The changes change the individual.
Study and Tell the stories of this real person and their impact on, and
their transformation by, the historical process. Illuminate their life in story.
Trace and rediscover the footprints of the leader through the historical
landscape. How does this leader affect and change and get affected by the
material conditions? If the leader is part director, what is the script, who are
the characters, what is the plot of this leader adventure? How does the social
field conspire to demand that this leader story and adventure be created and
staged at this point in history? Determine all the possible deviations, the
choice points, and the crossroads, the pathways that were not taken. How did
this leader create and mature a social movement, or rise to the head of a
movement, or divert a movement that would change the social field? “The
problem is to recover the totalizing movement of enrichment which engenders
each moment in terms of the prior moment, the impulse which starts from
lived obscurities in order to arrive at the final objectification” (Sartre, 1963:
147).
What are the symbolic acts of leader behavior? Every leader action is
signifying and signaling a way of living, working and being to the social field.
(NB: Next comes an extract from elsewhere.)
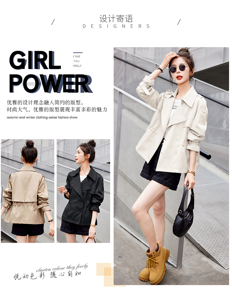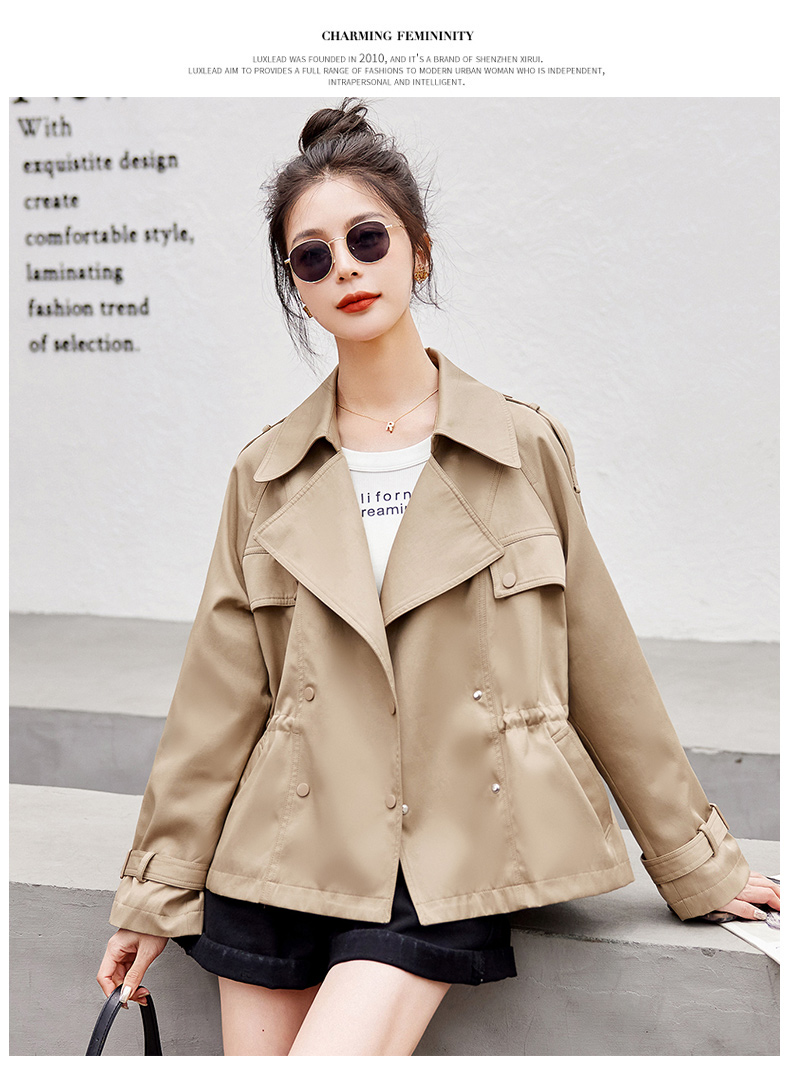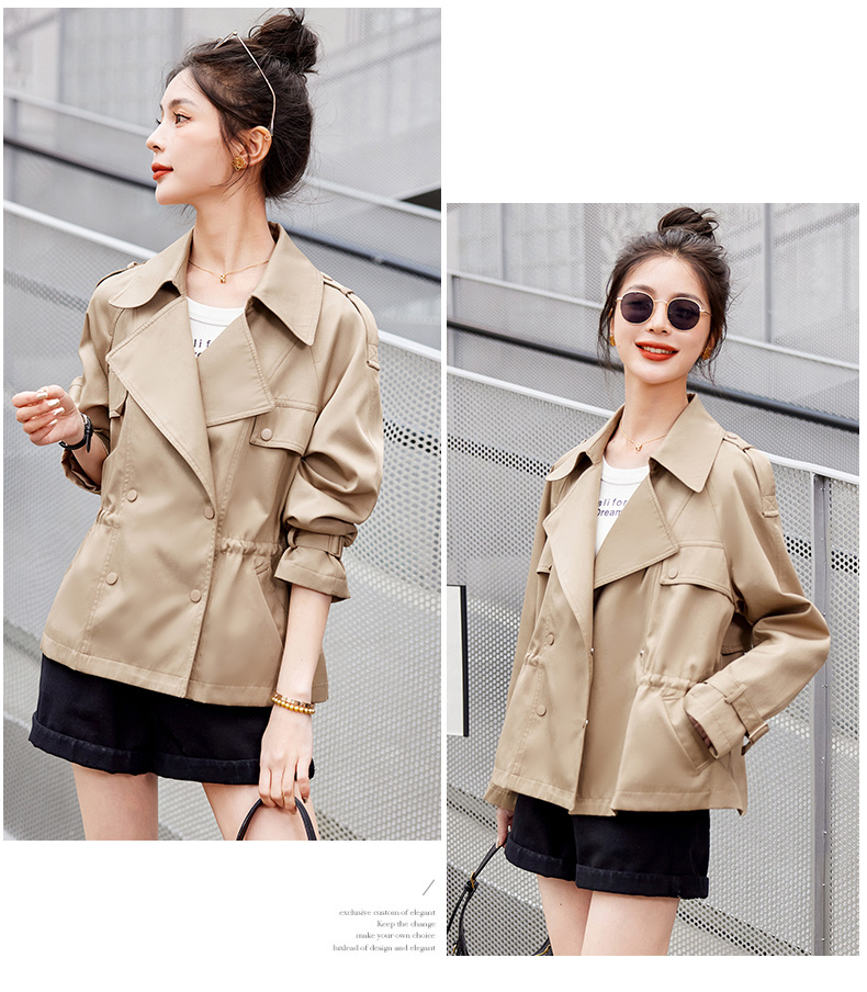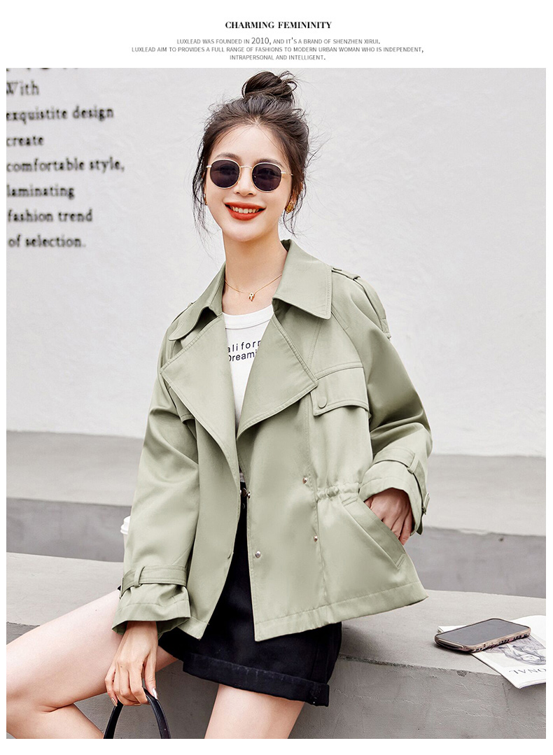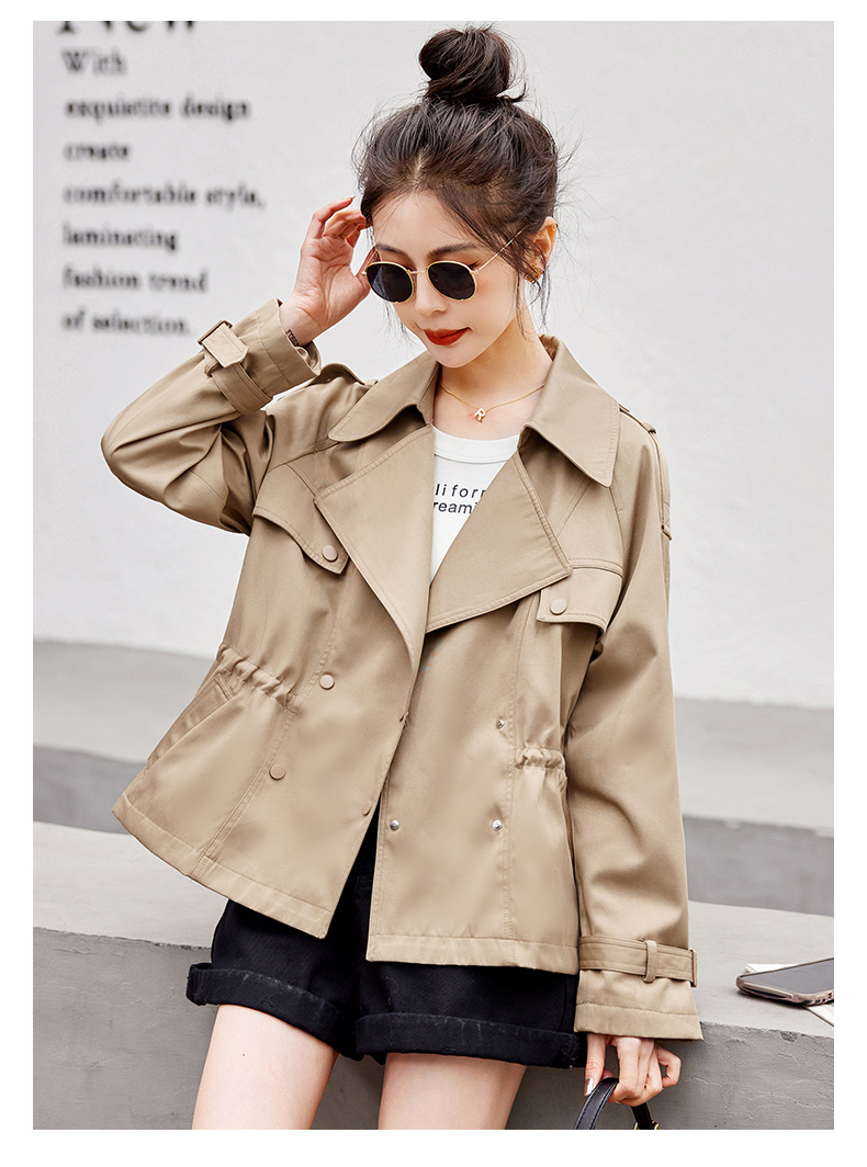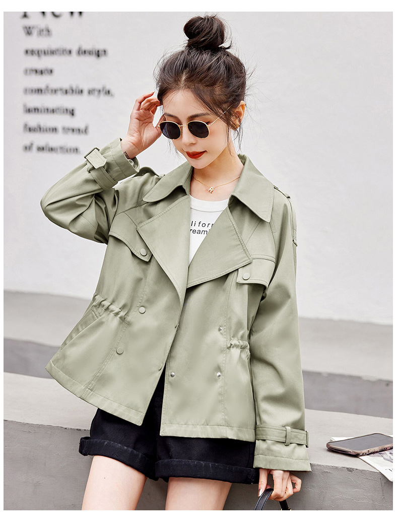 西装领抽绳韩版,短款风衣外套HR-ARE2368

Leadership is a live event, a lived situation, a specific behavior that has
collective meaning. The symbols are symbolic because of their context, their
embedded social situation. “Everything at every instant is always signifying,
and significations reveal to us men and relations among men across the
structures of our society” (Sartre, 1963: 156). People are not charismatic; they
invoke significations (symbolic behaviors) that seduce people to attribute
charisma to them. Leader project charisma by their symbolic actions. A
regressive method explores the movement of charismatic enterprise, the
concrete behaviors and projective moments. Charisma gets clarified in its
material situation, in its symbolic conduct and social conditions. Illuminate
the experience of charisma by studying its history, and not being confused by
its mask. Charisma is a succession of gestures that people are conditioned
comprehend. Charisma exists in a social field, not is some abstract list of
traits or behaviors; each has meaning in situation, in synthetic conduct of
social embeddedness. The leader is an actor, portraying a charismatic
character on a stage with symbolic props, to an audience waiting for a
charismatic leader to take them in tow.
10. What are the Opportunity Costs? What is the field of possibilities, out of
which the leader and the social field combined in only one invention? What
are the other inventions that did not happen? Could the story have had a
different outcome? If two characters had met, would the story have evolved a
different ending?
11. Imagine you are a Leadership Theorist. Perish the thought. What theory of
leadership would the study of this leader exemplify? Where does the theory
fall short or not fit? How would you modify the theory? Or, maybe you have
a completely original theory; what is it? Try not to build one more abstract
leader framework or universal theory. We have too many already.
12. Details. Please quote your sources; include references and a bibliography.
Single-space your text. Use headings, paragraphs, indent your quotes, and
spell check. Number your pages and provide a table of contents. Put your
name, address, phone number, class number, instructor, and date on the cover
page. If you want extra credit provide a computer disk that we can be
uploaded to the World Wide Web. It is your chance to change the world.
References
Sartre, Jean-Paul (1963). Search for a Method. Translated from the French by Hazel E.
Barnes. NY: Vintage Books (A Division of Random House).